What’s Your Version of Nic Cage?: Our Review of ‘Sympathy for the Devil’

Posted in Movies, Theatrical, VOD/iTunes/DigitalDownload by - August 05, 2023
What’s Your Version of Nic Cage?: Our Review of ‘Sympathy for the Devil’

“We first make our habits, and then they make us”

-John Dryden

What’s your version of Nicolas Cage? Are you the kind of person that sees him as the guy who interspliced Moonstruck and Raising Arizona with campy genre fair? The guy who did a David Lynch movie and Zandalee within one year of each other? Or are you the kind of person who sees Cage as autocritique Nic Cage: the present iteration that could completely and sincerely do The Unbearable Weight of Massive Talent due to the meme-like nature of who he has become?

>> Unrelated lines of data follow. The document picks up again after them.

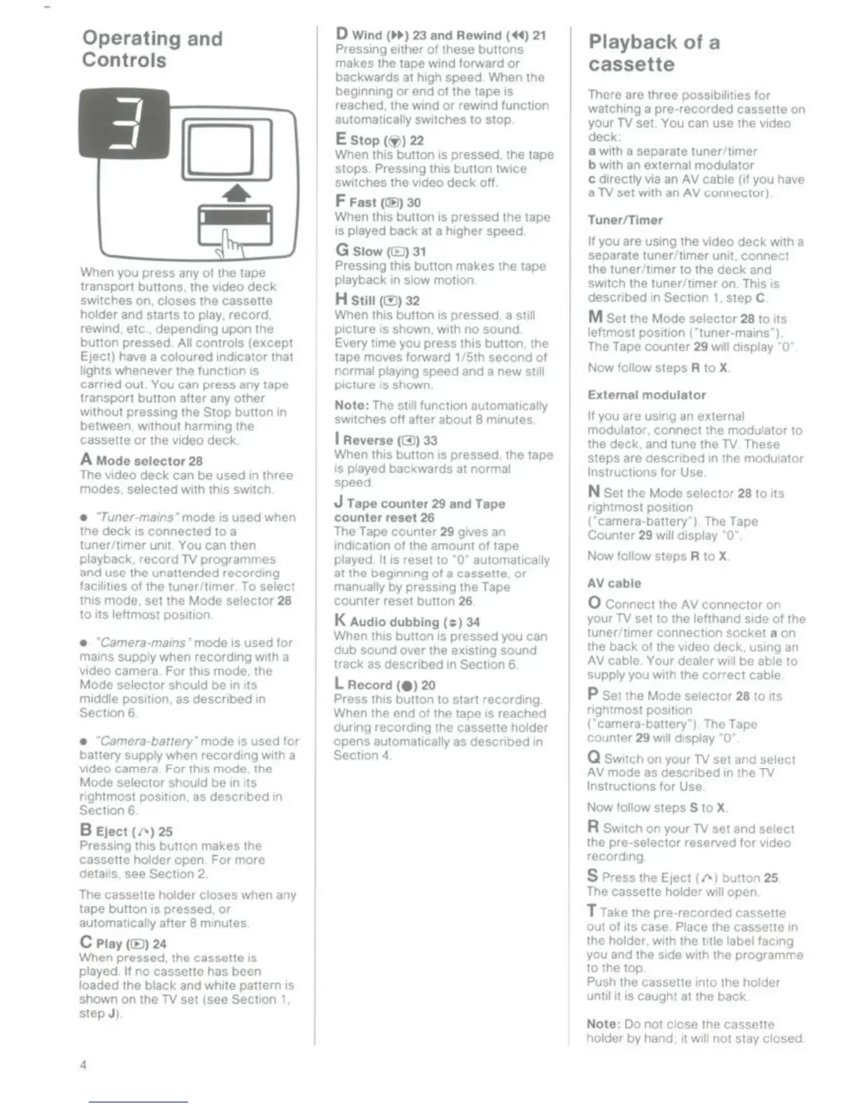 Philips VR2120 - Operating and Controls; Playback of a Cassette; External Modulator; AV Cable
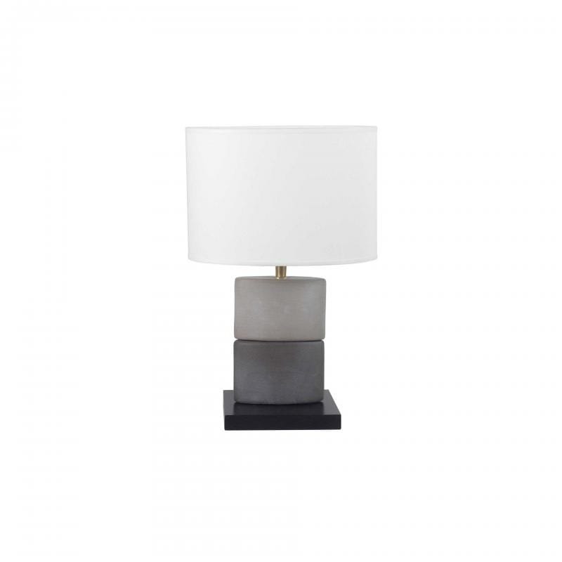 Lampe en céramique marron et ivoire, socle en bois wengue, abat-jour ovale en chintz blanc.
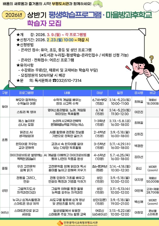 [뉴스앤톡] 인천광역시교육청부평도서관은 지역 주민에게 배움의 즐거움을 전하고 성장의 기회를 제공하기 위하여, 23일부터 ‘상반기 정규 평생학습프로그램 및 마을방과후학교’학습자를 모집한다.
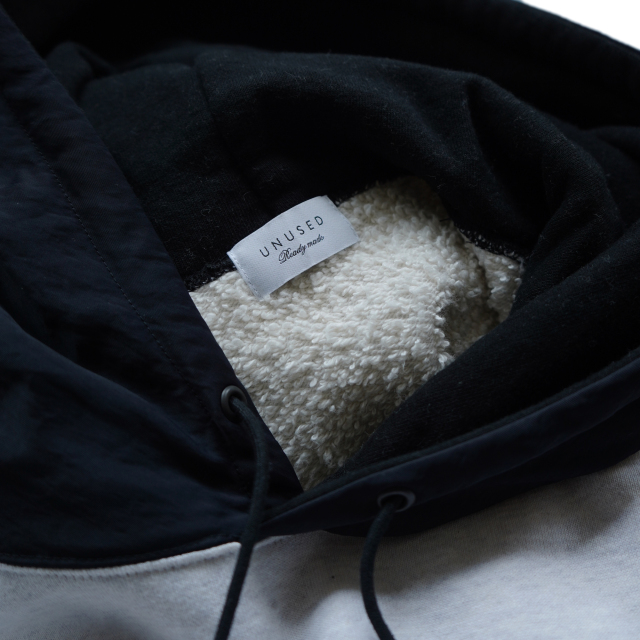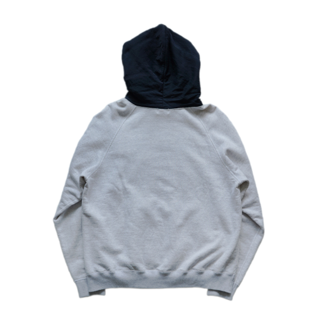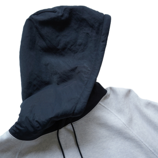 ぱっと目を惹くフード部分は、シワ感のあるナイロンツイル。
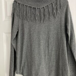 Gorgeous grey fringe cowl neck sweater. Great condition. Machine washable cotton.
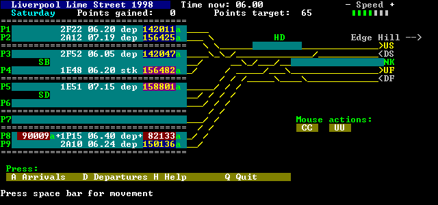 The station is seen in the summer of 1998; you have a choice of weekday or Saturday schedules. There are no conditional or extra trains, though there are some differences between the Saturday and weekday schedules, and one slight variation on Friday. For added realism, some arriving trains will be late.

Me? I’m neither. My Nic Cage is Knowing Nic Cage, from a time when he was just below an A-list star. What I’ve always wanted is Cage to be somewhere in-between where he came from, and where he is now. Andy Samberg’s SNL rendition of Cage was humorous because it wasn’t real, it was hyperbole. No, Nic Cage doesn’t actually choose films along the criteria of “do the actors get paid.”

The more I’ve thought about Sympathy for the Devil in the prevailing week since I’ve seen it, the more I feel that it really doesn’t work. Cage is a producer on the film. It will almost entirely be sold on the back of Cage’s star. There are people now for whom Nic Cage films are events in and of itself. It used to be hyperbole; now Sympathy for the Devil is hyperbole becoming reality.

Director Yuval Adler struggles to keep Cage effectively contained or directed. This time around, Nic plays a character known as “The Passenger,” so dubbed because he’s the passenger to Joel Kinnaman’s Driver character. The Passenger is convinced that The Driver wronged him in the past. Thus, he holds him at gunpoint on the night of his daughter’s birth and forces him to drive out into the desert. Presumably, it’s for an execution. Really, this role is just the usual stuff: a manic, wronged, cackling, scenery-chewing maniac. It was ridiculous when this guy spent the back half of a Panos Cosmatos movie snorting cocaine off a glass shard and frenziedly screaming at someone for ripping his shirt.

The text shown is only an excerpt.